There are many pitfalls in homeownership, especially when it comes to keeping the structure in good condition. Protecting your home from the elements is an ongoing battle that can consume a great deal of your time and money, so it pays to be aware of potential problems to help minimise the risks or at least identify them early in order to find a solution as quickly and efficiently as possible.
Because damp problems have a variety of causes and symptoms, there's a lot of confusion surrounding the subject. This often leads to misdiagnosis, which then means that the wrong treatment is applied. As well as the fact that you will have wasted money on a pointless procedure, the original problem will still remain.
Dry rot is just one problem that can cause serious structural damage to your home and is frequently mistaken for other types of damp-related issue.
The following guide is to help you to identify the problem and apply the right treatment.
To start with, the name is misleading: dry rot isn't exactly dry! Timbers have to have at least 20% moisture (usually much more, between 30-50%) for dry rot fungus to survive and thrive. More recently the name brown rot has been used, though most people don't use this.
The original name comes from a misunderstanding relating to the timber of ships and boats that had been taken out of water for repair. As the wet timber began to dry out it lost the structural integrity provided by constantly being in the water and it began to crumble, leading to the belief that it had rotted after becoming dry, when in fact it had probably been rotten for some considerable time.
Although dry rot needs a source of moisture, it can spread far beyond this, right through the structural timbers of a building, which is where it differs from wet rot (which requires complete saturation of the wood to survive). The process of decay creates small amounts of moisture but the fungi will spread quickly in pre-existing damp conditions.
Though not as common as wet rot, the effects are more severe and damaging.
The problem is caused by a type of wood-destroying fungus called Serpula lacrymans. The microscopic spores appear as a fine, orange dust, and when they find the right amount of moisture they begin to sprout white strands called hyphae which mass together to form mycelium which grows through the wood, finding its way along the grain. The next stage is when the 'fruiting bodies' of the fungi grow out of the rotten wood, which is usually distinguished by its deep rust colour with white fringes and sometimes forms a cluster of mushrooms.
Dry rot fungus feeds on the cellulose within the timber that gives it structure and strength. The fungus breaks down the cellulose as it moves through the wood, leaving it dry and brittle. In severe cases, you will be able to dig your fingers into the spongy timber and it will crumble to dust. This makes it extremely hazardous when structural timbers are affected.
This fungal decay can attack any timber (though some tree species are more resistant) given the right conditions of elevated moisture content, such is in houses suffering from excessive condensation that has soaked through porous materials. Floorboards, joists, panels – any wood that is exposed to damp and humid conditions can be a target for this species of fungi.
A combination of poor ventilation and excess humidity can create exactly the right conditions for the fungal spores to grow. Any place that has a damp problem, whether it's rising damp, penetrating damp, excess condensation, leaking pipes or leaking roofs, they all provide sufficient moisture for dry rot to thrive and cause damage to timbers.
The spores of brown rot fungus are able to pass through porous surfaces of brickwork, masonry, plaster or mortar, which makes it difficult to stop once it finds the right environmental conditions.
You may notice the orange-brown spore dust on timbers and a musty smell.
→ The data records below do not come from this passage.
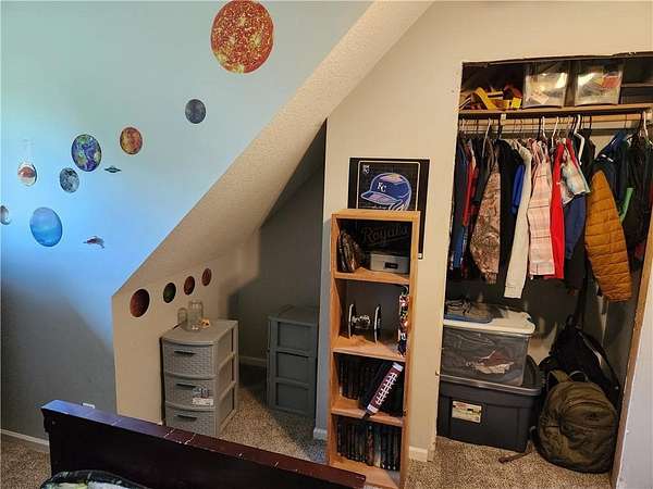 Recent updates include a new hot water heater and new carpet in lower level bedroom. Additional highlights: finished basement, outbuildings for storage or hobbies, and location in the sought-after Lawson School District with easy access to I-35.
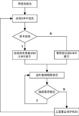 其中,判斷SIM卡在位狀態(tài)為兩層測試,兩次獲取失敗才會判定為不在位,如果在位,則挑選通信質(zhì)量較好的SIM卡進行撥號,然后進一步通過“PPP設(shè)備是否在位、IP地址是否正確、周期內(nèi)是否產(chǎn)生流量”判斷鏈路穩(wěn)定質(zhì)量,如果不穩(wěn)定則需重啟設(shè)備。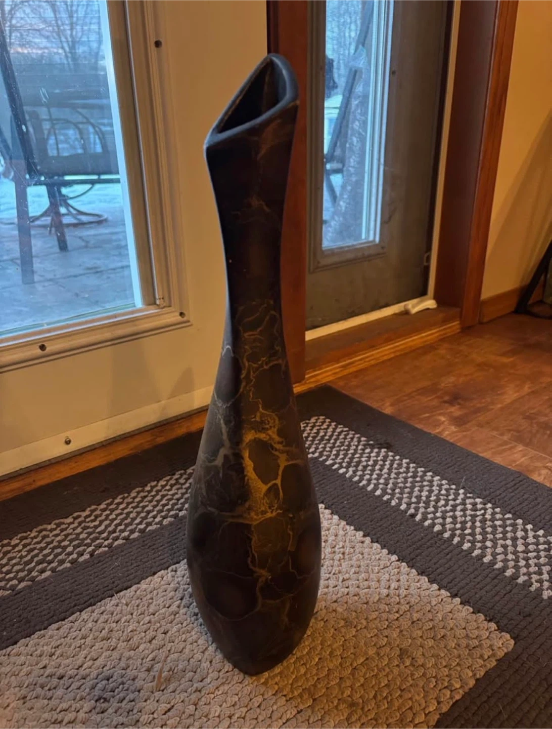 This is a tall, decorative vase with a unique marbled pattern. It has a dark brown and gold finish. It's suitable for display on its own or with dried floral arrangements.
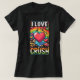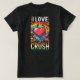 A design de camiseta para "I Love My Crush" apresenta um tema lúdico e romântico com letras arrojadas e vibrantes. A frase "I Love" é escrita em uma fonte grande, atraente, com a palavra "Crush" em um estilo diferente, possivelmente com um símbolo cardíaco ou embelezamentos lúdicos. As cores brilhantes como vermelho ou rosa para os elementos cardíacos contrastam com o fundo, fazer-o como design divertido e jovem. O olhar geral é relâmpago, perfeito para expressar afeto com um toque de capricho.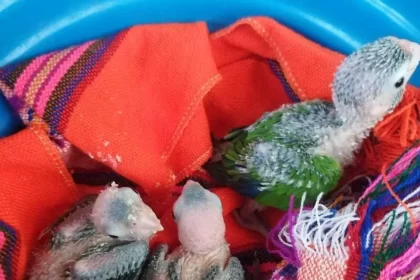 Profepa recuperó los tres polluelos de perico atolero frente naranja, (Eupsittula canicularis),…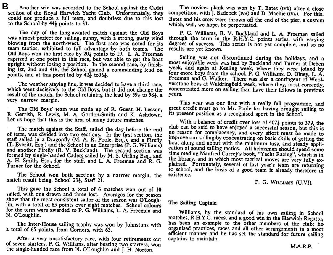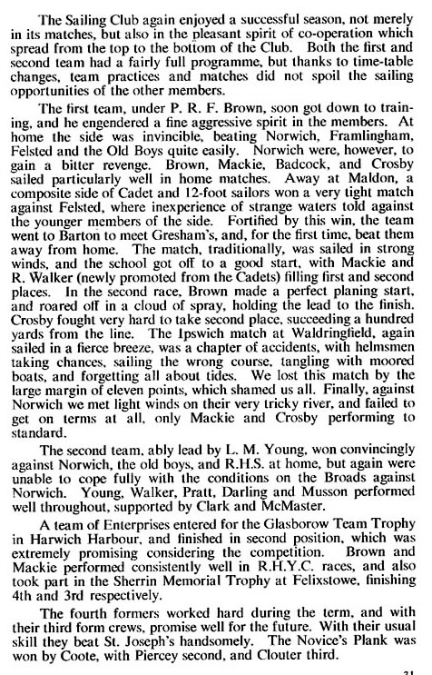 Half-pint Trophy for club racing, and always took part in the club handicaps. Helmsmen were G. Brown, R. Guest and P. A. Williains. In the Keeling Cup, which again took place after a lapse of one year, R. Guest finished third on points, and G. Brown fifth. P. A. Williams was in a borrowed boat, and did not seem to settle down afloat with his very charming crew. And finally we sent one Cadet to the Waldringfield week, and although the crew of D. House and N. O'Loughlin did not shine afloat, they more than made up for this ashore. This visit should again become an annual event, and I hope that more boys will be able to go next year. The "Novices' Plank," competed for by new helmsmen was convincingly won by R. Lewis from A. Glass and R. Gerrish. Finally in the Harwich Harbour Regatta, G. Brown and R. Guest sailed in the Burton Cup for Fireflies; and at the Ipswich Regatta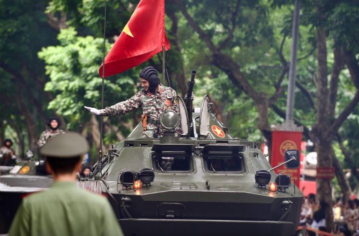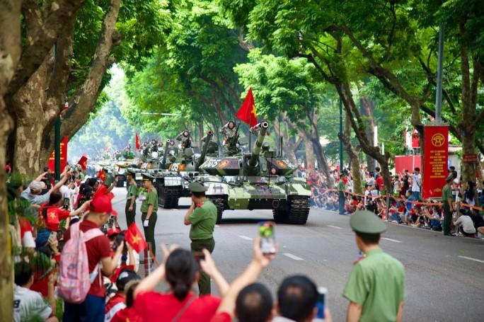 Trong đoàn diễu binh, xe tăng chiến đấu chủ lực T-54/55 của Quân đội nhân dân Việt Nam tiếp tục gây ấn tượng.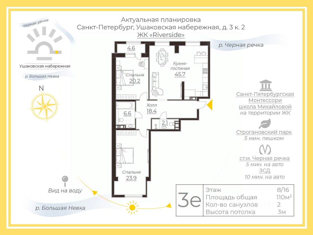 Предлагается 3-комнатная квартира в современном жилом комплексе "Риверсайд".

You might also spot grey or white hyphae strands on the infected wood, deep cracks along the grain, or patches of decayed wood that is brittle or spongy to the touch. There could also be mushroom-like fungal growths on the infected timbers.
To make matters worse, woodworm prefers timber with a higher moisture content, which could add to your problems.
Before any dry rot treatment can take place, the cause of the excess moisture needs to be discovered and addressed, as there is little point in treating the symptoms if the cause is still present! Any repairs need to be made before dry rot treatment takes place.
Secondly, you need to know whether this is dry rot or wet rot. As mentioned above, dry rot extends much further into the home as it requires a lower moisture content for the fungal growth to survive.
There are various types of treatment for dry rot, some of which you can possibly tackle by yourself. Cleaning the infected area is essential, removing the mycelium growth, fruiting bodies and spores using a fungicide.
The problem is that it can be hard to locate all the decayed timbers as they are hidden beneath walls in the structure of the building. A professional dry rot expert will be able to advise you as to which bits of timber can be saved and which should be replaced (usually beams, floorboards and joists).
There is a chance that existing plasterwork and even masonry or brickwork may have to be stripped back to reach the affected timbers, but this would only happen in extreme cases.
Pre-treated timber will be used to replace the parts that have decayed beyond repair, and fungicide and wood preservatives will be applied to sound timber and masonry to discourage any more growth.
Though some people do apply treatment themselves, it can be a big task and is probably best left to the experts. It is best caught in the early stages where it can be stopped before it spreads and causes structural damage. If you suspect you have dry rot in your home then you would be advised to seek advice without delay to save you from further expense and inconvenience in the future.